Clustering Effect of (Linearized) Adversarial Robust Models
This work provides a novel interpretation of adversarial robustness, potentially benefiting researchers in machine learning security and model interpretability, though it appears incremental in building on existing robustness studies.
The paper investigates the underlying mechanism of adversarial robustness by analyzing linear components of robust models, finding a hierarchical clustering effect in linearized sub-networks, and applies this understanding to tasks like domain adaptation and robustness boosting.
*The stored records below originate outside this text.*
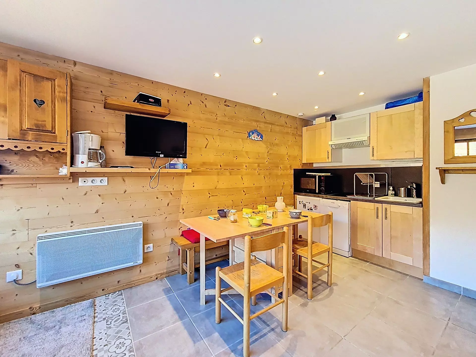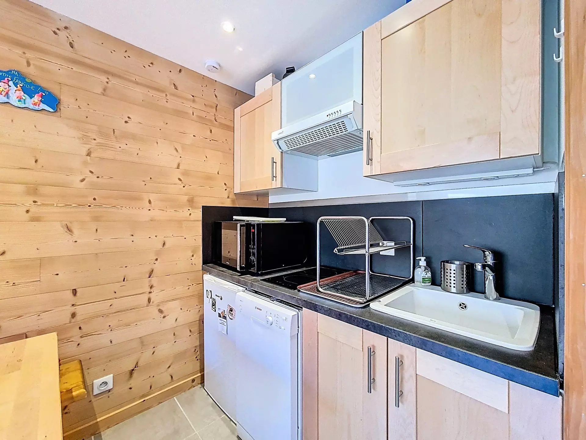 Kitchen equipped with 2 hobs, extractor hood, refrigerator, combination microwave oven, dishwasher, kettle, coffee maker and toaster.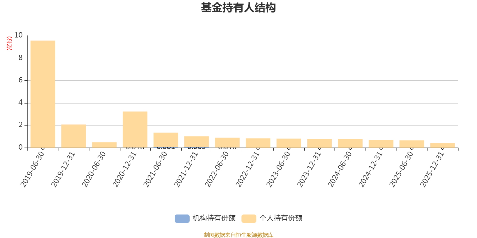 截至2025年12月31日,基金持有人共计5743户,合计持有4056.43万份。其中管理人员工持有24.88万份,占比0.61%,机构持有份额占比0.00%,个人投资者占比100.00%。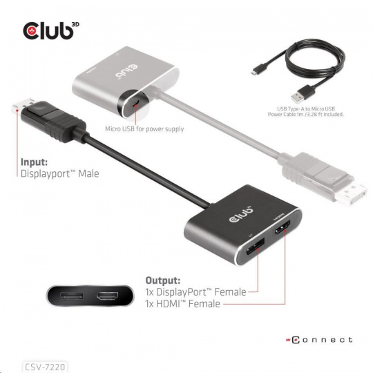 | In the box | - CSV-7220, MST hub DisplayPort™ 1.4 to DisplayPort™ + HDMI™ 4K60Hz M/F - USB Type-A to Micro USB Power Cable 1m /3.28 ft |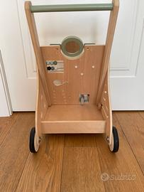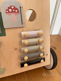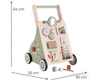 Carrello primi passi per bambini, in legno, molto più stabile rispetto a modelli più economici in plastica.si può inoltre regolare la vite sulle rotelle per definire la velocità con cui scorre il carrello.

Adversarial robustness has received increasing attention along with the study of adversarial examples. So far, existing works show that robust models not only obtain robustness against various adversarial attacks but also boost the performance in some downstream tasks. However, the underlying mechanism of adversarial robustness is still not clear. In this paper, we interpret adversarial robustness from the perspective of linear components, and find that there exist some statistical properties for comprehensively robust models. Specifically, robust models show obvious hierarchical clustering effect on their linearized sub-networks, when removing or replacing all non-linear components (e.g., batch normalization, maximum pooling, or activation layers). Based on these observations, we propose a novel understanding of adversarial robustness and apply it on more tasks including domain adaption and robustness boosting. Experimental evaluations demonstrate the rationality and superiority of our proposed clustering strategy.